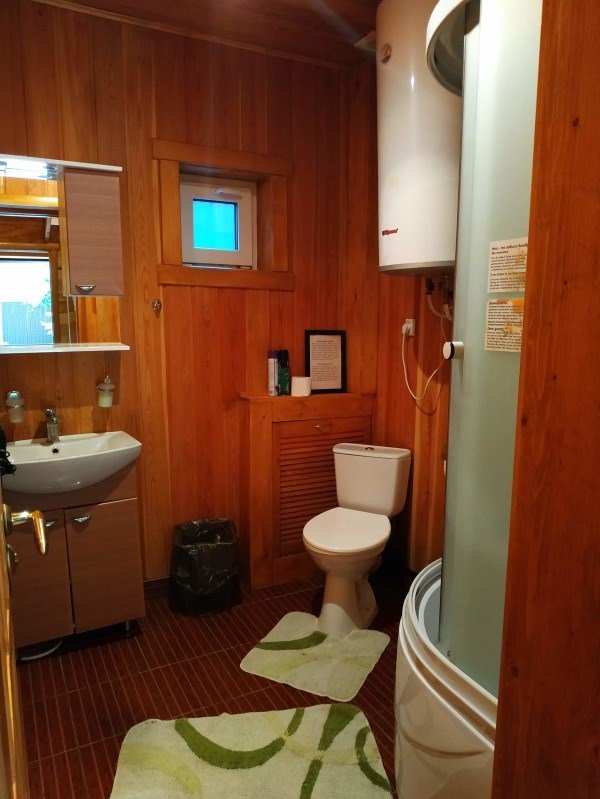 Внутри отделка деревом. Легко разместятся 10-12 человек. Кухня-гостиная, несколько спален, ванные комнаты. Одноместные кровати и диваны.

* * *

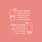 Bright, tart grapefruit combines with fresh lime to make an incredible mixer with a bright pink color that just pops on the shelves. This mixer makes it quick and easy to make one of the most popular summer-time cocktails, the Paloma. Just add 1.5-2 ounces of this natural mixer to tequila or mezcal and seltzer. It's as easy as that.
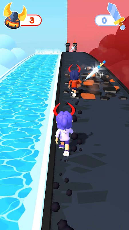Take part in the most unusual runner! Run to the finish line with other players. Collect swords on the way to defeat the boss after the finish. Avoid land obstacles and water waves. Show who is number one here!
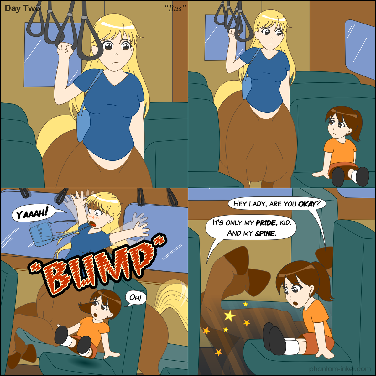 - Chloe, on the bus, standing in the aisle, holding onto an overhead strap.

▶ [WHAT YOU HAVE TO DO]:
Leave the pictures out. Output, exactly, the lines of the material above starting at the line containing "Take part in" and ending at the line containing "- Chloe, on".

▶ [RESPONSE BELOW]:
Take part in the most unusual runner! Run to the finish line with other players. Collect swords on the way to defeat the boss after the finish. Avoid land obstacles and water waves. Show who is number one here!
 - Chloe, on the bus, standing in the aisle, holding onto an overhead strap.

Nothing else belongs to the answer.